Le Tournoi

Film français de Elodie Namer

Avec Michelangelo Passaniti, Lou de Laâge, Magne-Havard Brekke, Adam Corbier, Fabien Libiszewski, Thmas Solivérès, Aliocha Schneider, Viktoria Kozlova, Ana Neborac, Victoire Gonin-Labat, J-Ph. Puymartin





Par Henri Lanoë
 
Sortie le 29-04-2015

Durée: 1h23

 

...et mat !

Après être passée par hypokhâgne, khâgne et la Femis (section scénario), Elodie Namer s’est orientée vers la télévision où elle a participé aux premiers balbutiements de la télé-réalité dans les années 2000. Elle a finalement choisi de revenir vers la littérature pour écrire les scénarios de deux courts-métrages et de nombreuses séries populaires jusqu’à ce qu’elle découvre le monde fascinant des joueurs d’échecs professionnels, au point de consacrer plusieurs mois à l’apprentissage de ce jeu afin d’atteindre un niveau lui permettant de participer à des tournois. Ayant pénétré dans cet univers de codes, de manies et d’un jargon pour initiés, elle a décidé que ce serait le sujet de son premier long-métrage, Le Tournoi.

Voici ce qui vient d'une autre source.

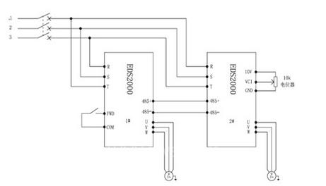 假设1#变频器为主机,带动上电机(负荷较重的电机),2#为从机,带动下电机(负荷较轻的电机)。

Ce tournoi se déroule durant une semaine en Hongrie, dans un palace de Budapest. Mais les participants ne sont guère disponibles pour le tourisme car ils restent vissés sur place par le déroulement de la compétition. Quoique changeant de lieux en permanence durant toute l’année, ils ont l’impression de ne jamais bouger puisque les palaces succèdent aux palaces et qu’ils se ressemblent tous, évoquant le Grand Budapest Hôtel de Wes Anderson. D’ailleurs, la plupart des participants étrangers sont vêtus de tee-shirts ou de blousons achetés dans les boutiques d’aéroport, car ils n’ont guère le loisir de faire des courses hors de l’hôtel. Ces notations humoristiques permettent d’échapper à l’immense salle où se déroule imperturbablement le tournoi, car la difficulté d’un tel sujet est de rendre intelligible ce film aux spectateurs qui ne connaissent pas les échecs et, surtout, de ne pas les ennuyer. La réalisatrice y parvient en évitant la captation en temps réel des parties engagées grâce à de nécessaires ellipses. Assez rapidement, l’intérêt va se porter sur deux participants : Cal, jeune champion français apparemment invincible et un enfant surdoué et polyglotte de huit ans qui élimine sans problème ses adversaires. Mais avant que la finale ne les réunisse, il faut alimenter l’histoire sans passer son temps à ne voir que des parties interminables dans la salle où s’affrontent les joueurs.

Elodie Namer va donc scénariser les péripéties plutôt répétitives qui se déroulent dans les coulisses du Palace : conflit amoureux entre Cal et sa copine, affrontement entre Cal et son entraîneur, jalousie entre Cal et son équipe, jeux de piscine qui évoquent les G.O. du Club Med, etc. Mais ces affrontements n’aèrent guère l’histoire puisqu’ils se déroulent toujours dans le huis clos bien étanche de l’hôtel. Ils ont pour seul résultat de casser progressivement le moral du héros (qui commence à perdre ses moyens, donc ses parties) et de donner au spectateur l’envie de retourner dans la grande salle où, finalement, se passent des choses plus intéressantes. Enfin arrive la finale attendue contre le gamin génial. N’étant pas spécialiste des tournois de bridge, j’ai été surpris d’y voir Cal comme finaliste après avoir perdu tant de parties auparavant. Contre toute attente, c’est donc sur le scénario qu’on se pose des questions car, en ce qui concerne une première réalisation, Elodie Namer fait preuve d’un savoir-faire digne d’éloges.